• Exercise: Output every record exactly, apart from its images.

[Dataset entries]

-- Opening Marker --

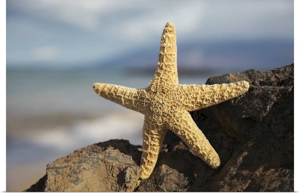<p>Sea star on lava rock with ocean, Maui, Hawaii, united states of America.</p>
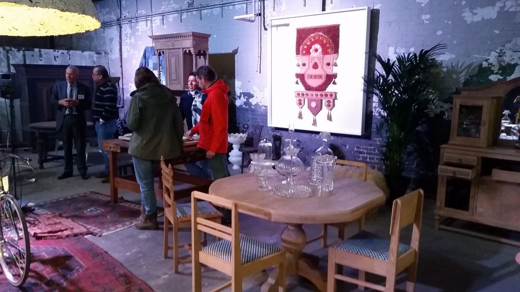 De tafels van het restaurant – vanzelfsprekend ook gerecycled en gezandstraald – zijn vandaag al druk bezet. Van Beers’ medewerkers, veelal dezelfde mensen die betrokken waren bij de productie van haar producten, lopen af en aan met lunches en koffiehappen. Van Beers hoopt met de opbrengst van het restaurant iets goed te maken van de grote investering die ze moest doen om haar expositie in de VDMA mogelijk te maken. Ook de meubels zelf zijn trouwens te koop.
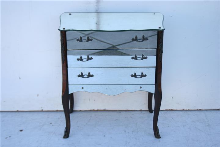 Espectacular Petit Cómoda de estilo francés Luis XV espejada con 3 cajones
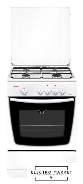 газовая панель + газовый духовой шкаф, газ-контроль конфорок, поверхность: эмалированная сталь, крышка из закалённого стекла, управление механическое, таймер механический, размеры (ШхГхВ): 50x60x85 см, цвет белый
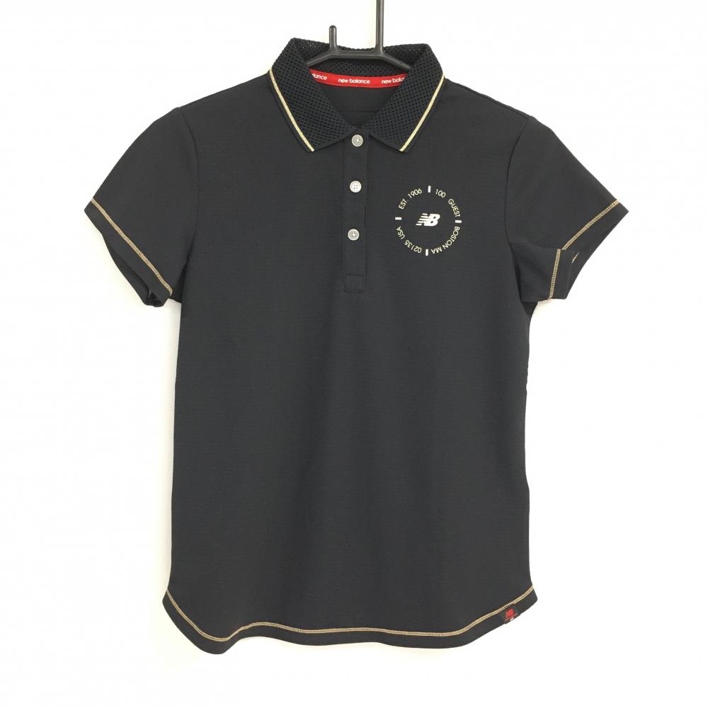 【超美品】タイトリスト 半袖ポロシャツ 黒×ゴールド リブライン レディース M ゴルフウェア TITLEIST
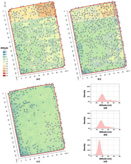 In the two fields F1 and F2 for land leveling, the ground altitude surfaces in centimeter units were generated by ALAS. Figure 8 depicts the levelness assessment results for F1 with an area of 1.5 ha. Figure 8(a1–c1) shows the generated ground altitude surfaces embedded with 5 cm contours and grade colors before the leveling, after the first leveling, and after the final leveling, respectively. Figure 8(a2–c2) shows the corresponding altitude histograms of the ground altitude surfaces. All the altitude values used in the figures were reduced by a minimum of 47.05 m from the DTM’s elevation.
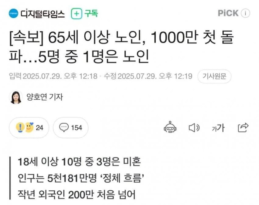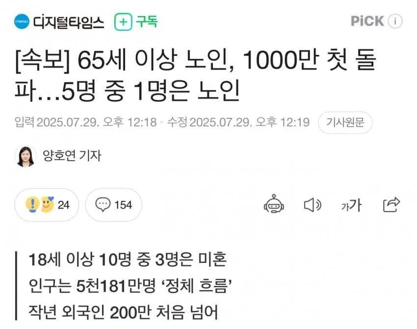 65세 이상 노인 1000만 돌파
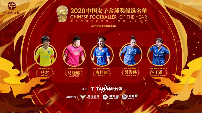 除了年初的奥运会预选赛和国内女足联赛之外,2020年的女足赛事并不多,2020中国女子金球奖采用特邀评委投票的方式决出得主。候选人中包括三届中国女子金球奖得主王霜、去年进入女子金球奖前三名的吴海燕、江苏苏宁队队长马君以及年初在国家队赛事中有惊艳表现的唐佳丽。此外,32岁的老将马晓旭也进入本次中国女子金球奖的候选人名单。
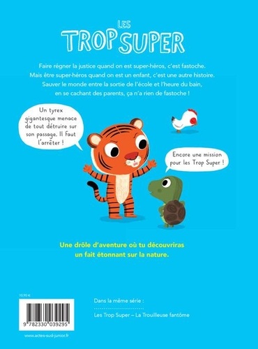 Une nouvelle série de petits albums en bande dessinée, mêlant aventure, humour et sensibilité à l'environnement. Super Tigre et Tortue Flash sont des super-héros mais aussi de vrais enfants qui ont l'âge de leurs lecteurs. Faire régner l'ordre et la justice, c'est après l'école ! Dans cette première mission, les Trop Super affrontent une poule monstrueuse dotée de dents énormes. Où l'on apprend que ces gallinacés sont bien des descendants des dinosaures.
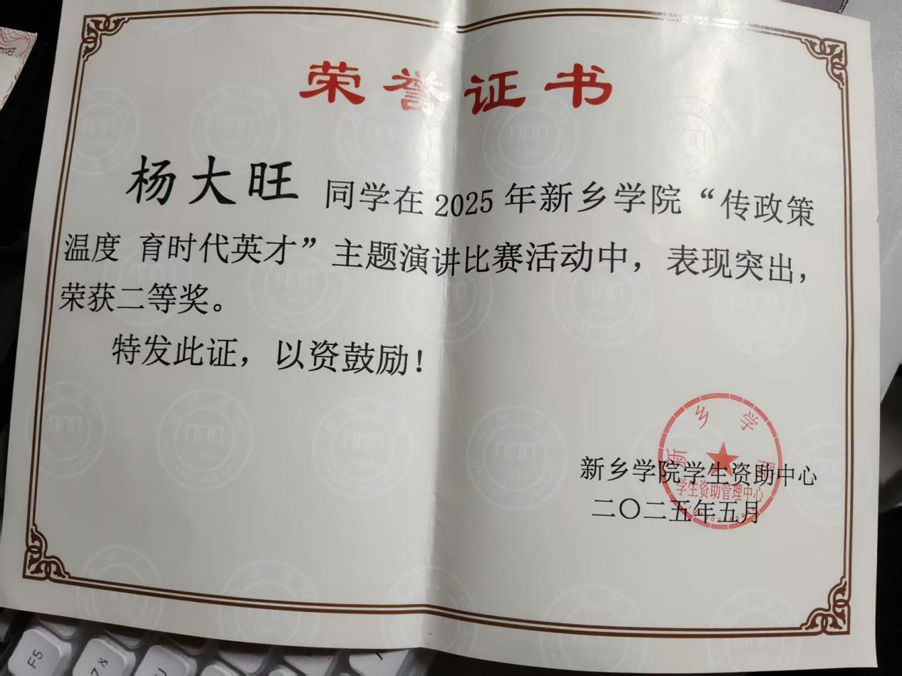 5月27日,我校“传政策温度,育时代英才”大学生主题演讲比赛圆满落幕。我院推荐刘芯汝、杨大旺2名学生参赛。比赛中,他们紧扣资助育人主题,结合个人成长经历,以真挚的情感和生动的语言,讲述了在国家资助政策关怀下励志成才的感人故事,充分展现了新时代青年感恩奋进、勇于担当的精神风貌。最终,两位同学均荣获二等奖的优异成绩。

-- Closing Marker --

• Answer to this task:
<p>Sea star on lava rock with ocean, Maui, Hawaii, united states of America.</p>
 De tafels van het restaurant – vanzelfsprekend ook gerecycled en gezandstraald – zijn vandaag al druk bezet. Van Beers’ medewerkers, veelal dezelfde mensen die betrokken waren bij de productie van haar producten, lopen af en aan met lunches en koffiehappen. Van Beers hoopt met de opbrengst van het restaurant iets goed te maken van de grote investering die ze moest doen om haar expositie in de VDMA mogelijk te maken. Ook de meubels zelf zijn trouwens te koop.
 Espectacular Petit Cómoda de estilo francés Luis XV espejada con 3 cajones
 газовая панель + газовый духовой шкаф, газ-контроль конфорок, поверхность: эмалированная сталь, крышка из закалённого стекла, управление механическое, таймер механический, размеры (ШхГхВ): 50x60x85 см, цвет белый
 【超美品】タイトリスト 半袖ポロシャツ 黒×ゴールド リブライン レディース M ゴルフウェア TITLEIST
 In the two fields F1 and F2 for land leveling, the ground altitude surfaces in centimeter units were generated by ALAS. Figure 8 depicts the levelness assessment results for F1 with an area of 1.5 ha. Figure 8(a1–c1) shows the generated ground altitude surfaces embedded with 5 cm contours and grade colors before the leveling, after the first leveling, and after the final leveling, respectively. Figure 8(a2–c2) shows the corresponding altitude histograms of the ground altitude surfaces. All the altitude values used in the figures were reduced by a minimum of 47.05 m from the DTM’s elevation.
 65세 이상 노인 1000만 돌파
 除了年初的奥运会预选赛和国内女足联赛之外,2020年的女足赛事并不多,2020中国女子金球奖采用特邀评委投票的方式决出得主。候选人中包括三届中国女子金球奖得主王霜、去年进入女子金球奖前三名的吴海燕、江苏苏宁队队长马君以及年初在国家队赛事中有惊艳表现的唐佳丽。此外,32岁的老将马晓旭也进入本次中国女子金球奖的候选人名单。
 Une nouvelle série de petits albums en bande dessinée, mêlant aventure, humour et sensibilité à l'environnement. Super Tigre et Tortue Flash sont des super-héros mais aussi de vrais enfants qui ont l'âge de leurs lecteurs. Faire régner l'ordre et la justice, c'est après l'école ! Dans cette première mission, les Trop Super affrontent une poule monstrueuse dotée de dents énormes. Où l'on apprend que ces gallinacés sont bien des descendants des dinosaures.
 5月27日,我校“传政策温度,育时代英才”大学生主题演讲比赛圆满落幕。我院推荐刘芯汝、杨大旺2名学生参赛。比赛中,他们紧扣资助育人主题,结合个人成长经历,以真挚的情感和生动的语言,讲述了在国家资助政策关怀下励志成才的感人故事,充分展现了新时代青年感恩奋进、勇于担当的精神风貌。最终,两位同学均荣获二等奖的优异成绩。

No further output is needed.